North Korean officials indicated that they viewed the visit as leverage in pushing the United States to hold and conclude additional talks on North Korean terms.
Hecker said that North Korea’s vice foreign minister, Kim Gye Gwan, told the delegation that an early resolution of the crisis is in the U.S. interest, arguing that delays in resolving the nuclear crisis have “not been beneficial to the U.S. side. With an additional lapse in time, [North Korea’s] nuclear arsenal could grow in quality and quantity.”
The delegation, which also included John Lewis, a professor at Stanford University, and Charles “Jack” Pritchard, former special envoy for negotiations with North Korea, visited North Korea’s nuclear facilities Jan. 8. During a Jan. 21 appearance on PBS’s Newshour with Jim Lehrer, Pritchard speculated that North Korea invited the delegation to view its nuclear facilities in order to resolve ambiguities concerning its nuclear capabilities following its withdrawal from the NPT.
In addition, Pritchard said Jan. 15 that Kim clarified North Korea’s previous denials that it has a uranium-enrichment program by providing new details. Kim told the delegation that North Korea does not have any relevant equipment or scientists trained to run such a program. The recent crisis began in October 2002, when a U.S. delegation accused North Korea of pursuing a clandestine uranium-enrichment program—an alternate method for obtaining fissile material for nuclear weapons.

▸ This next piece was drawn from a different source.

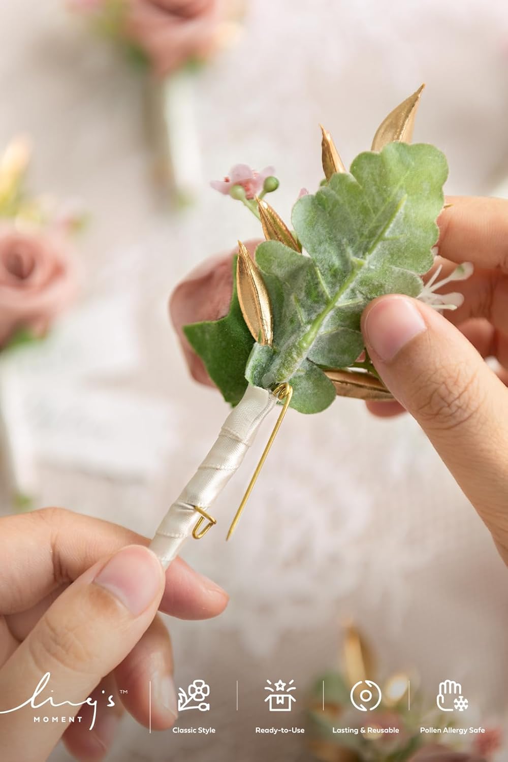 Ling's Moment Boutonniere for Men, 10pcs Groomsmen Guest Boutonniere, Artificial Flowers for Wedding Décor/Prom/Homecoming,etc.Dusty Rose Pink

The United States continues to maintain that North Korea admitted to having such a program during that meeting, but North Korea has argued that it never made such a stark admission. Journalist Don Oberdorfer stated in November 2002 that North Korean officials informed him that an October 2002 KCNA statement contains the exact words used during the U.S.-North Korean meeting. The relevant portion of that statement reads, “The [Democratic Peoples Republic of Korea] made itself very clear…that the D.P.R.K. was entitled to possess not only nuclear weapon[s] but any type of weapon more powerful than that so as to defend its sovereignty and right to existence.” (See ACT, December 2002.)
According to Hecker, North Korean officials gave Lewis the Korean language transcript of the meeting, which Lewis gave to the Department of State.
Two Senate Foreign Relations Committee staff members also visited the Yongbyon facilities and had other meetings with North Korean officials, but committee sources told Arms Control Today Feb. 24 that their reports are still being prepared.